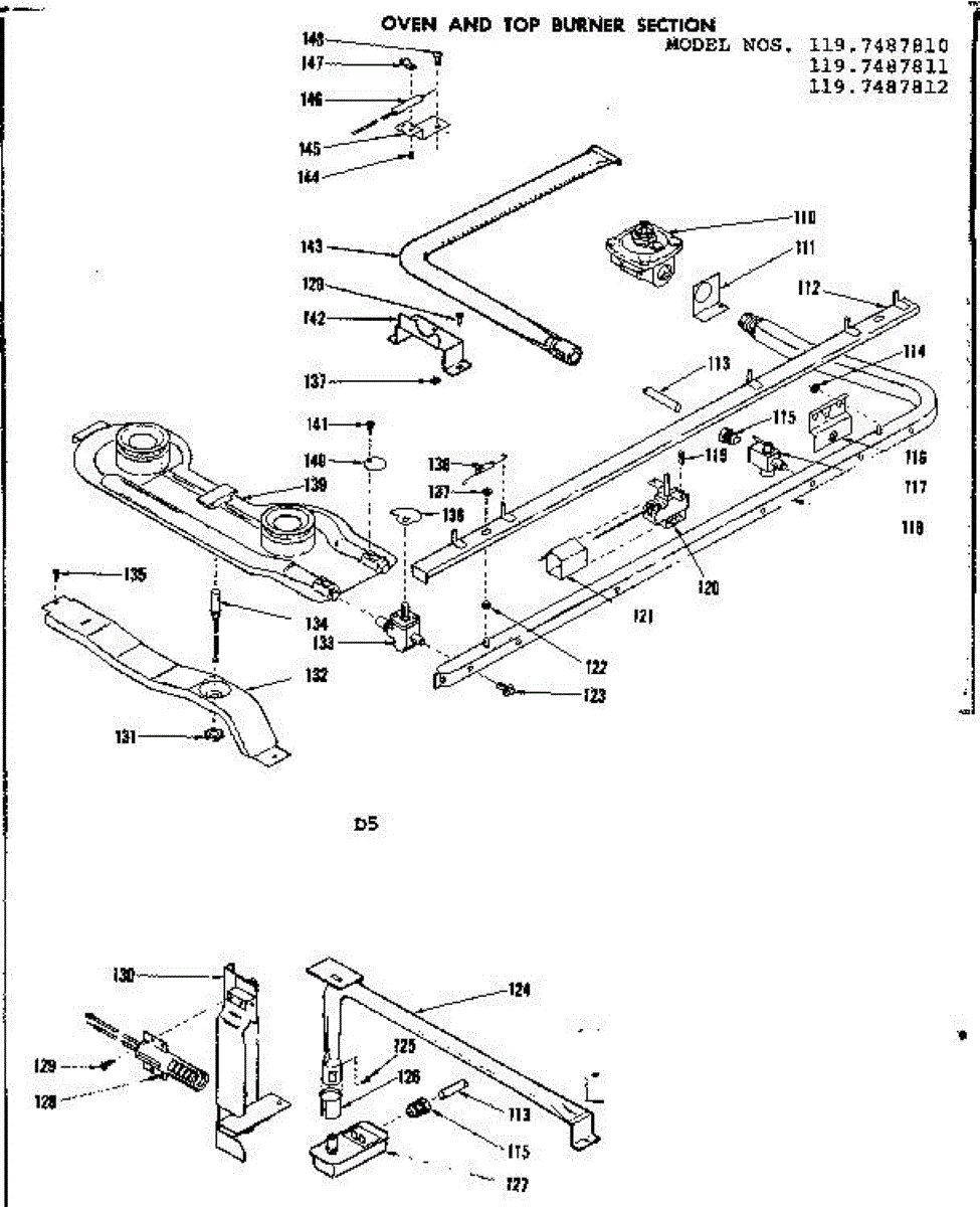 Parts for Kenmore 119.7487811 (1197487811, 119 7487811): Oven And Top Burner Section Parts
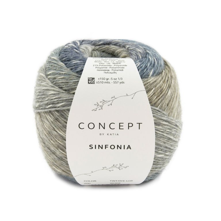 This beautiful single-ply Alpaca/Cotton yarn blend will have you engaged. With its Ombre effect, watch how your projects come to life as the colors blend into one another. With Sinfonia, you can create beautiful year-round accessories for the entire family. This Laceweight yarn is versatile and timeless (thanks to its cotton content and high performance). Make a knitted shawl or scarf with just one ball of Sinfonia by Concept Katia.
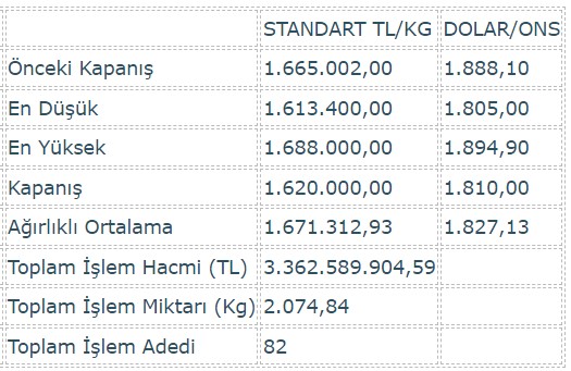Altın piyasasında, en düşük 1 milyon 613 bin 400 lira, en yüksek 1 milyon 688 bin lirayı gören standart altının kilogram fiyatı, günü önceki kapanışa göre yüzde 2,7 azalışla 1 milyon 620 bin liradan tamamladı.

Task goal:
Except for the pictures, please retype the listing above exactly.

Response to the task:
 Parts for Kenmore 119.7487811 (1197487811, 119 7487811): Oven And Top Burner Section Parts
 This beautiful single-ply Alpaca/Cotton yarn blend will have you engaged. With its Ombre effect, watch how your projects come to life as the colors blend into one another. With Sinfonia, you can create beautiful year-round accessories for the entire family. This Laceweight yarn is versatile and timeless (thanks to its cotton content and high performance). Make a knitted shawl or scarf with just one ball of Sinfonia by Concept Katia.
Altın piyasasında, en düşük 1 milyon 613 bin 400 lira, en yüksek 1 milyon 688 bin lirayı gören standart altının kilogram fiyatı, günü önceki kapanışa göre yüzde 2,7 azalışla 1 milyon 620 bin liradan tamamladı.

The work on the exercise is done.